Note that even if one leaves the determination of the connection strengths for a 
Boltzmann machine up to a learning procedure ([AHS], [HS], [AK]), one has to 
know in advance the required number of hidden units, and how they should be 
connected (see section 10.4.3 of [AK] for a discussion of this open problem). 
Ad hoc constructions of efficient Boltzmann machines tend to be rather difficult 
(and hard to verify) because of the cyclic nature of their "computations". 
We introduce in this paper a new method for the construction of efficient Boltzmann 
machines for the computation of a given Boolean function f (the same method can 
also be used for the construction of Hopfield nets).
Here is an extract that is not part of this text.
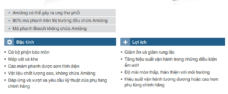 Hệ thống phanh -An toàn và đáng tin cậy Hệ thống phanh Bosch. giúp tăng sự an toàn cho hành khách và sự thoải mái khi lái xe. Hệ thống được thiết kế để đưa xe về trạng thái dừng một cách an toàn, cũng như để giảm thiểu quãng đường phanh trong những tình huống phanh khẩn cấp. Bạn có biết rằng Robert Bosch. đã phát minh ra hệ thống cân bằng điện tử ESP cùng với Daimler-Benz?• Có bộ phận báo mòn• Mép vát và khe• Các mâm phanh được sơn tĩnh điện• Vật liệu chất lượng cao, không chứa Amiăng• Đáp ứng và vượt xa yêu cầu kỹ thuật của phụ tùng chính hãng

We propose to construct first an 
acyclic Boolean circuit T with threshold gates that computes f (this turns out to 
be substantially easier). We show in section 2 that any Boolean threshold circuit T 
can be simulated by a Boltzmann machine B(T) of the same size as T. Furthermore 
we show in section 3 that a minor variation of B(T) is likely to converge very fast. 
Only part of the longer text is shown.